Very interesting article.
Submitted by Diane Cohn on May 9, 2008 - 7:41pm.
Lou, I agree wholeheartedly. Sometimes it's better just to puke and be done with it.
Diane Cohn, Realtor
www.renorealtyblog.com
Submitted by Sean OToole on May 9, 2008 - 11:10pm.
I'm 100% with you on orderly liquidation, the need for quick short sale approvals, and that the market can and will absorb this over time.

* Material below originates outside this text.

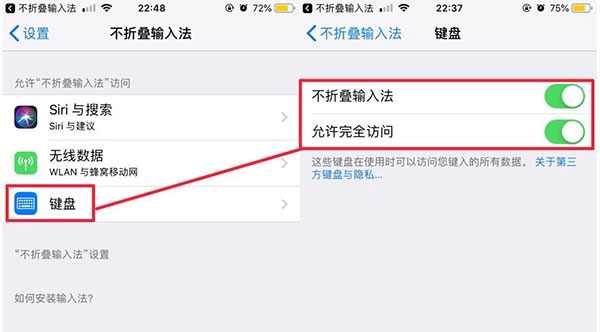 打开设置-键盘-开启不折叠输入法和允许完全访问

That said I couldn't disagree more that this crisis is due to "a few million households with deficient long-term financial behaviors, hopelessly incompatible with home ownership."
It may feel that way as we have primarily seen subprime foreclosures so far, but alt-A is now gearing up, and PRIME option ARMs held by folks with 700+ FICOs are coming too.
This has nothing to do with borrower ability or even willingness to pay. It has everything to do with prices pushed too high by Wall Street's creation of teaser rates, negative amortization, unrealistic debt-to-income ratios, and risk models that relied on forever appreciation. Bottom line - these products were DESIGNED to sell homes to those that could not afford them.
I'm not suggesting bailouts, but let's at least have the decency to recognize that this problem was created by Wall Street with the blessing of Easy Al Greenspan, NAR, and everyone else who enjoyed the ride up despite the obvious risks. Let's not be so myopic as to now blame those that did what everyone was telling them to do (just think back to Easy Al's ARMs are ok statement, or Lereah's no-bubble books).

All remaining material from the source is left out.